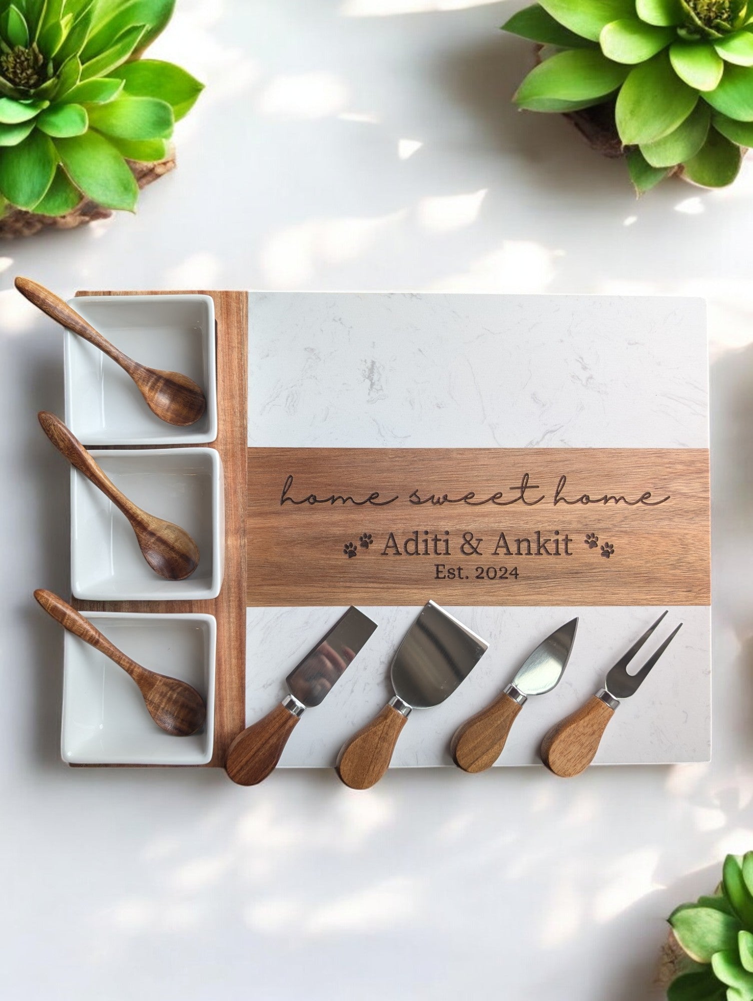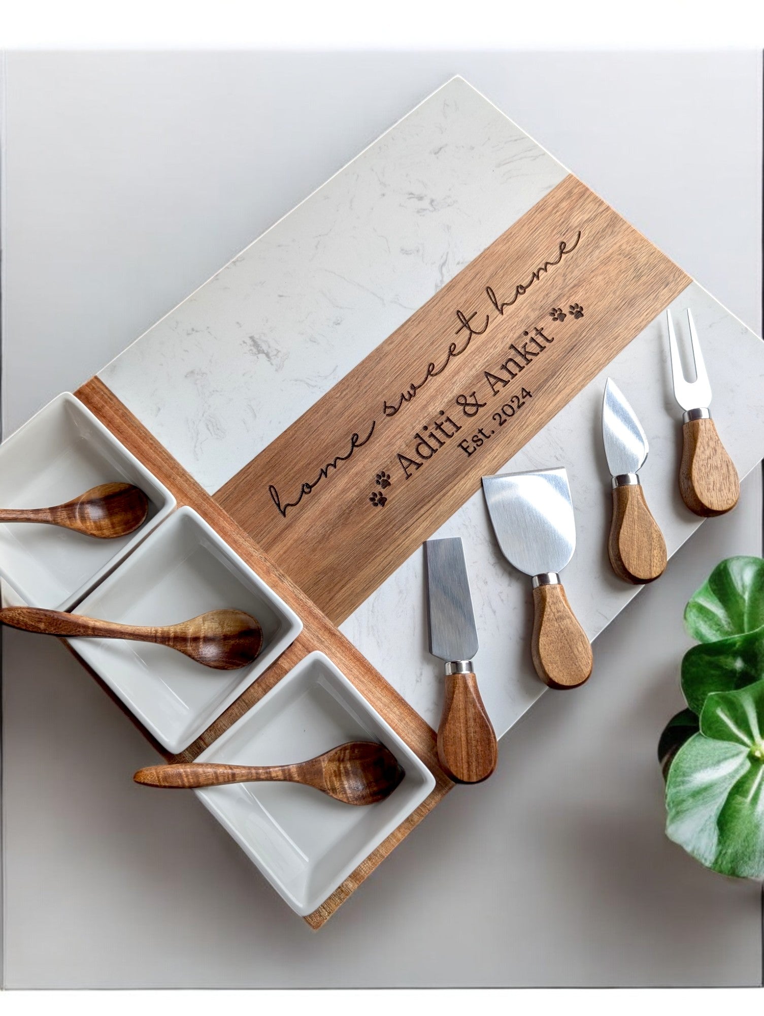 Experience the perfect blend of elegance and functionality with our Marble Charcuterie Board Set. Crafted from luxurious marble and premium acacia wood board comes as part of an 11-piece set. It includes three dipping spoons, three bowls, and four charcuterie utensils—everything you need to create a stunning spread. Each set is securely packaged in a foam box, with each item individually wrapped for added protection and easy storage.
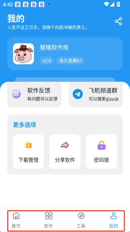 授权成功后,你就能看到首页、软件、工具和我的这四个板块了。
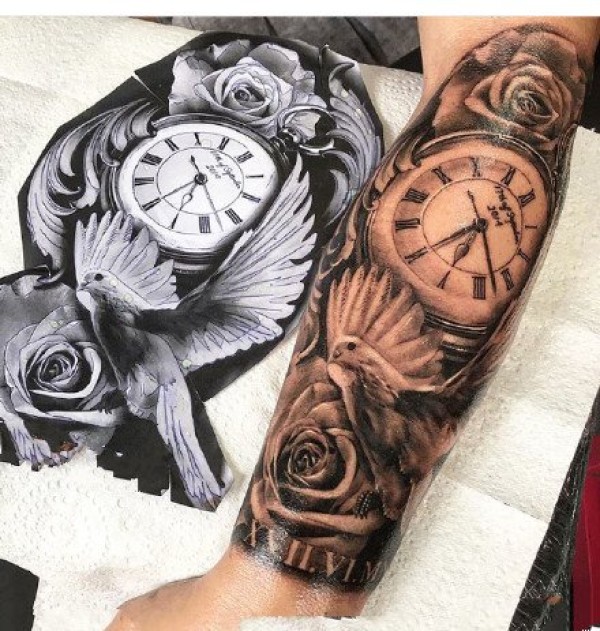 小臂钟表纹身 18款欧美风格包臂钟表纹身图案

**Aim of the task**
Only the listing above, set down exactly and without pictures, belongs in the answer.

**Finished task**
 Experience the perfect blend of elegance and functionality with our Marble Charcuterie Board Set. Crafted from luxurious marble and premium acacia wood board comes as part of an 11-piece set. It includes three dipping spoons, three bowls, and four charcuterie utensils—everything you need to create a stunning spread. Each set is securely packaged in a foam box, with each item individually wrapped for added protection and easy storage.
 授权成功后,你就能看到首页、软件、工具和我的这四个板块了。
 小臂钟表纹身 18款欧美风格包臂钟表纹身图案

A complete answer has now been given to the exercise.